Skull-fuck - v. To copulate with the head of a person, generally disembodied, via the eye.
Oh, and post-irony is totally a valid concept. This is where people transition from liking crappy things because it is funny, to just genuinely liking crappy things. It's like this...
"Oh man, that knitted wall-square saying "Bless This Mess" is so totally retarded, I must put it in my kitchen. How funny."
to...
"My home is consumed by kitsch. I enjoy it on a visceral level now."
Back to the original topic, though. Yeah, it's cool to hate the White Stripes. I think it's because their whole scrappy, low-key blues rock infused with awkward sexuality worked better on a smaller scale. It felt more genuine. Meg's clunky drumming grounded their music... it made them feel more homespun and huggable. Now that they are sort of a big thing (and thus bigger targets for skepticism) the context has changed. They aren't a scrappy little duo fighting to pay their rent with music. They are a big-name act with a clunky drummer.
I think after the Big Lebowski came out it became cool to hate the Eagles. Sure people who hated the Eagles before might have had a valid point, but it wasn't "cool" to hate them.
Somewhere along the line it became cool to hate The Smiths. And The Cure. Note the difference: before you could very respectably hate these bands, but somewhere along the road it became something of a fashionable statement to hate them. People may not hate them because of said statement, but the statement still exists.
It's cool to hate Weezer. Then again, they took a big nosedive. I think it's cool to hate Radiohead. (Depends on the crowd.) It's totally, totally cool among many circles to hate Coldplay. (Sorry, but... it is.)

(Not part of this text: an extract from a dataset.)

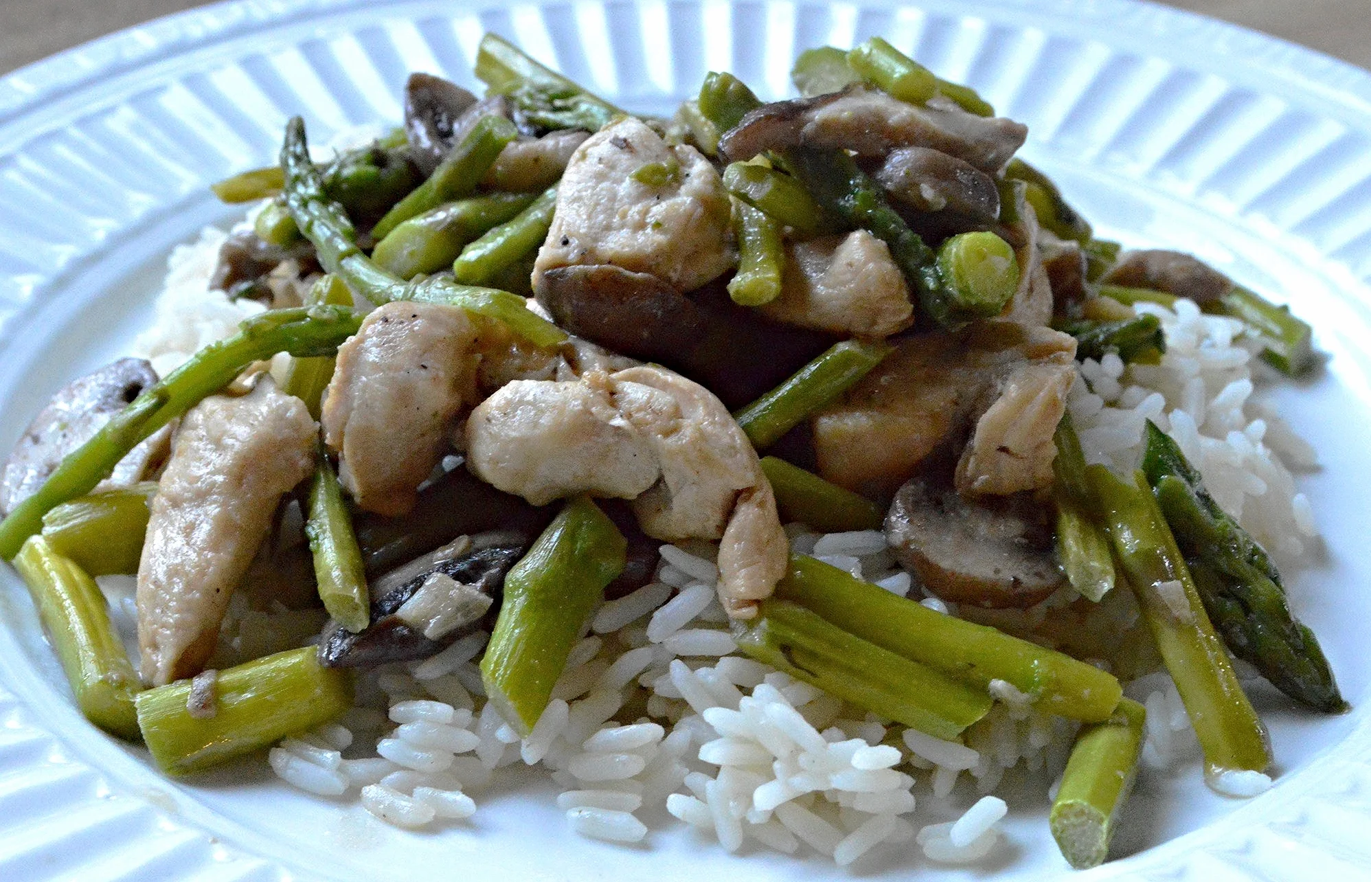 Note: Recipe adapted from http://www.bonappetit.com/recipe/chicken-asparagus-and-wild-mushroom-stir-fry. I played around with some of the proportions and used light cream instead.

It's a weird little thing that happens. You have some small local band... they're pretty good, not perfect... but everyone digs them. If you talk smack about this band, you're being a dick. You should be more supportive. That's like walking into a grammar school piano recital and being all, "You suck, little girl!" You gloss over the blemishes of the music and pipe up the good stuff. You assume that they are good people.
But then they become popular and big and they don't need the support anymore. People pay attention to those flaws. They flaunt that they can identify those flaws. It becomes some weird cool-badge to hate the band for those flaws. You assume that the band is full of rich assholes.
Had Radiohead released "Kid A" as a debut album on a small label I might have thought of it differently. It would have been a totally different context. (I found it, in reality, to be dull and sugar-coated. But then again, I have never been much of a fan.) If Good Charlotte was a small indie pop-punk band playing all-ages venues in the mid-west people would probably be less inclined to be so vocal about their disdain. Sure, they might still suck, but non-fans would probably be more likely to give them an A for effort. If Dave Matthews was a retarded little boy, you might possibly go buy a ticket to a show just to give your support. If Trent Reznor was an acapella singing teenage girl at a high school variety show, I would totally buy her poorly recorded album mastered down from a dictophone tape.
But now, in reality? Fuck those people.